Allegedly searching the Internet means you can find anything. Restrict that search* to all things mountain biking and it won’t take long to locate the existential bullshit re: cycling is a religion and this is my church. It’s lazy, derivative and nowhere near as clever as those self ordained priests of the fat tyre believe it to be.
So obviously I’m co-oping it for this post. Lazy, derivative and pretentious are pretty much watch words for the hedgehog. Also easy to categorise my first proper MTB ride for nearly twelve long weeks as the kind of epiphany so loved by US mega churches** zeroing in on those whose donations accord them special status.
But for the overthinking cohort of the population, that epiphany doesn’t come quite so easily. Exhibit A(l) at 8am this morning was attempting to uncross the streams worrying at the thread of is this still my world? Looking for excuses to drop out, fall into society approved age rated activities, wondering if being scared of something that hasn’t happened, is somehow better than getting out there and placing agency in the driving seat.
Welcome to being 58*** accessorised with a still not healed collar bone. Sidebar: Let’s pretend this next paragraph is relevant to that discussion.

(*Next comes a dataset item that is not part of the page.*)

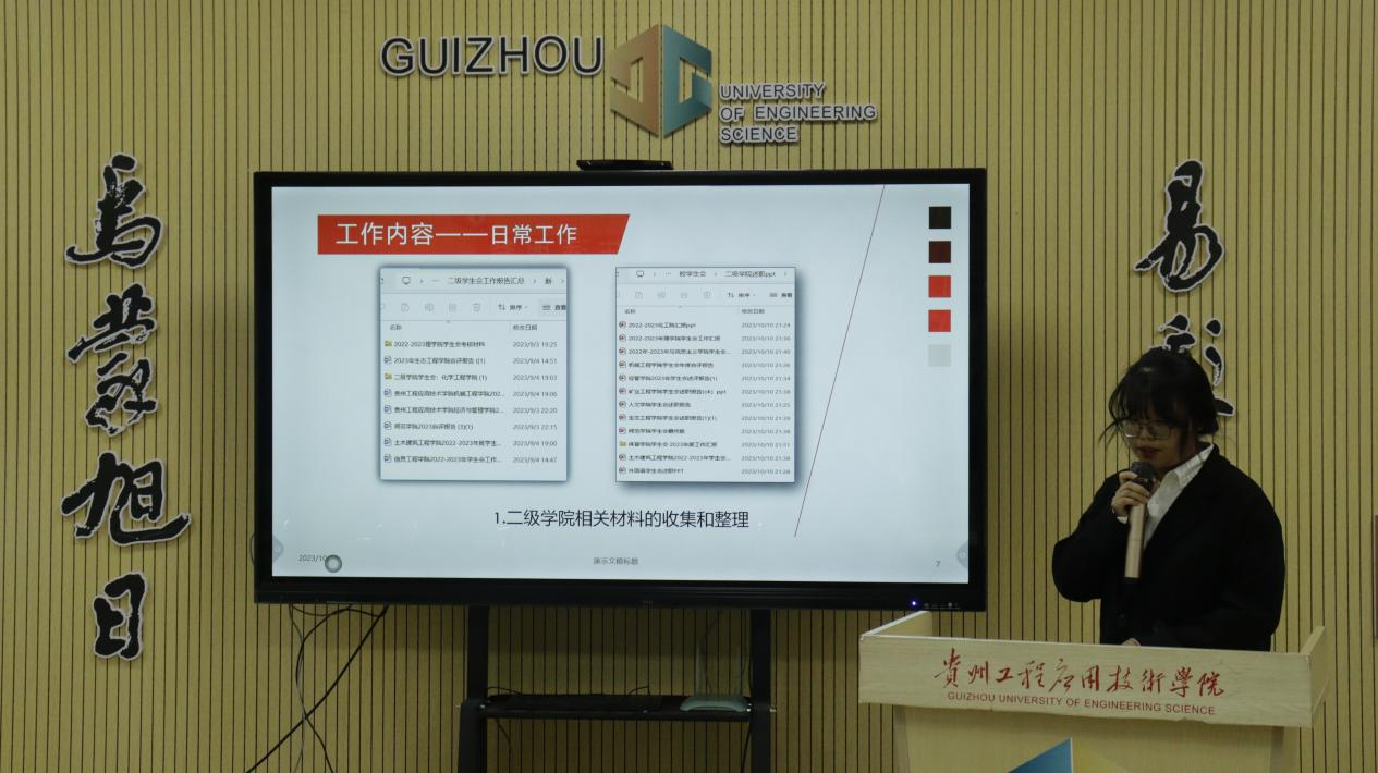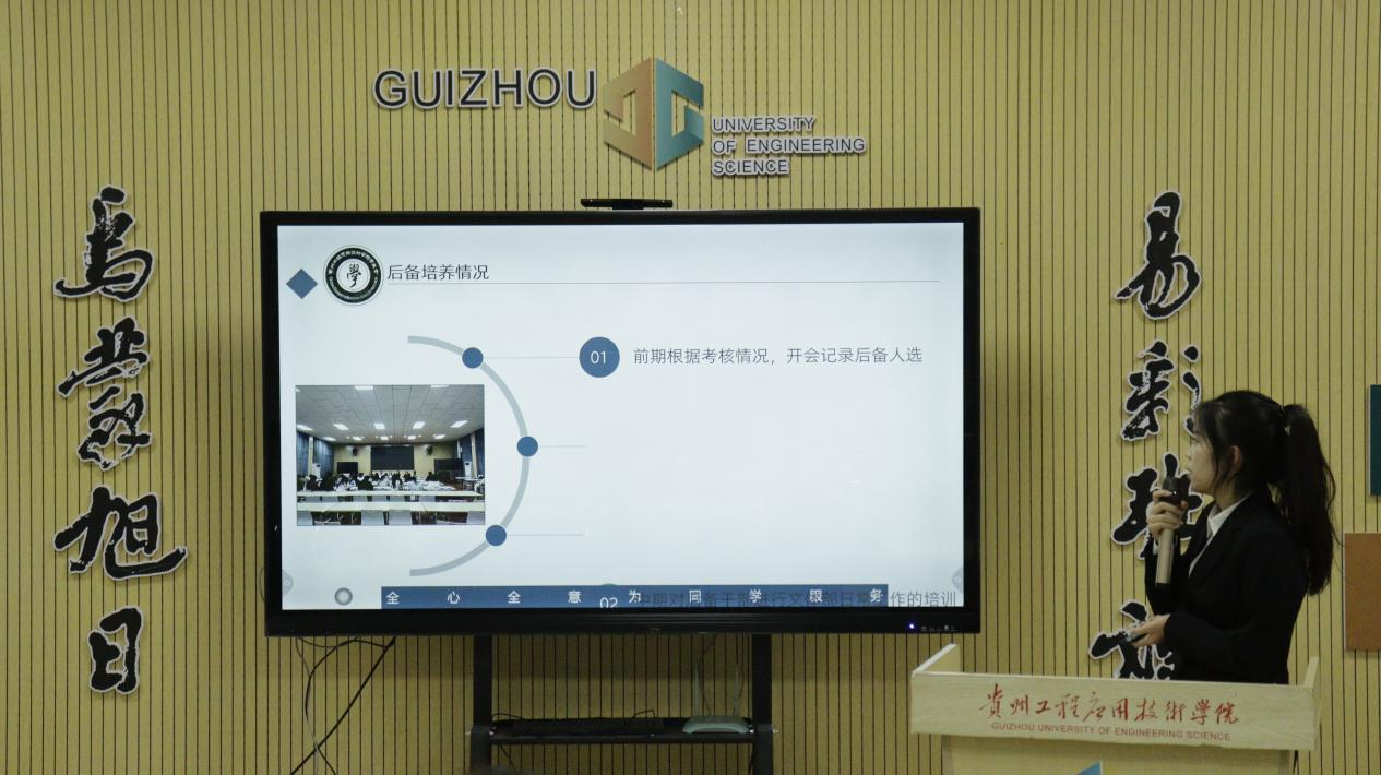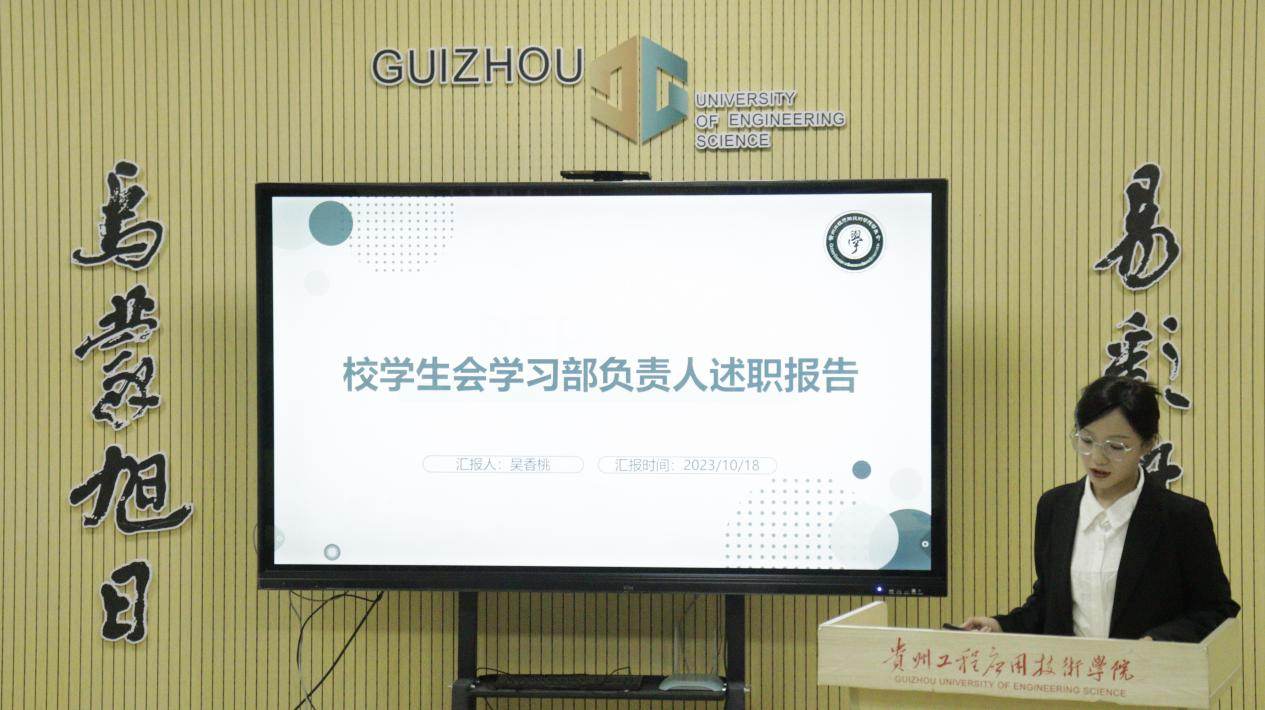 会上,校学生会主席团成员王美花、韩陈浩、任思、马钰淇、周展鹏以及6个部门负责人依次上台,围绕2022-2023学年个人思想、学习以及工作开展方面的情况进行了现场述职。

On the left is Splatterday+6 weeks, the right an update a couple of weeks ago. You don’t need to look too closely as I’ve totally been there. Summary is there’s lots of lovely new bone pulling the break together, but it’s on the light side of hard. “Can I got mountain biking?” I asked the consultant keen to fob me off by offering not much beyond the ‘don’t sue us script‘ – Pause. Push glasses up nose. Refer to notes clearly checking age. “Well I wouldn’t recommend it, but if you ride you absolutely cannot crash”
Arse. Thanks. No streams being uncrossed here. Riding worried is way more bloody dangerous than the care free delusion you’re facing down complex 3D problems with the steely gaze of that grizzled rider you vaguely remember. Whereas stiff and careful is pretty much the crapest way to navigate any trail. Hard on the brakes, soft on the flow. Bouncing off obstacles barely deserving a glance when you’re on it. Catastrophising disaster where fun used to be.
This is bloody annoying. Hold that thought as last weekend I revisited the site of the crash looking for some kind of closure.
Looks like nothing. Was still a bugger to walk down without pitching myself arse over head into the next valley. Working back from where I splattered the collarbone, the evidence suggests – for reasons not even remotely close to obvious – I decided the bigger drop on the right was an excellent option for a man whos “downhill huck” ability would be charitably marked as “almost no existent but tries hard“. Not hard enough although the sun baked ground took up the slack on that noun.
Closure? Not really. Everything feels open and if I don’t ride now when conditions are perfect then will I ever? So I buried all that pointless angst, pointed the bike at the hills and got on with it. I was never was dragged to church as a child, so not qualified to compare that to rocking up on fantastic trails and riding them at about 50% of pre splatterbone pace. One thing I wondered tho was is this safety first protocol going to plunge me back into that angst.
Because when your prime directive is “I cannot crash” it pretty much ruins riding bikes. Too stiff, too tentative, too nervous and more likely to crash. Well I’m here to tell you that is 100% better than riding on the road. Double that for the turbo. As when you’re riding any trails at any speed, complexity morphs into single threaded muscle memory.
That’s a wonderful thing but it’s a lot more than that. Friends ahead pacing you because they know for you the whole hill is a no crash zone. A quorum of your riding pals happy to dispense with their favourite trails when their needy one -winged individual is stuck in slow mode. A beer, then another one and just one more lubricating our back catalogue of brilliant days out.
And we’re not done. I’m not done. I have had dark moments these last three months contemplating a Venn of age-trails-injury, then staring hard at the intersection. Stepping back and wondering if this is where the end starts. Stripping away ego and being honest about what I want to do. And what I want to ride.
Today tho, none of that mattered. The skies were blue, the trails were dusty and all of my favourite idiots were tuned into Radio Al. If there’s a church dedicated to riding then this would be it. But there isn’t, nor should they be. This was brilliantly familiar but there is no liturgy that can come close to how that feels. You can pray to false gods, but that is nothing to the joy of sharing a post ride beer with your friends.
At 8am this morning I worried that maybe I was done with all this. At 2pm, I couldn’t wait to get out again. Because this is what coming home feels like. Or maybe keeping the faith.
*because otherwise we’ll be here all year. And that will not be time well spent.
**I assume the collective noun is “cult” or “Ponzi Scheme”
***birthday yesterday. Disappointed to find irreconcilable evidence I am not still 35.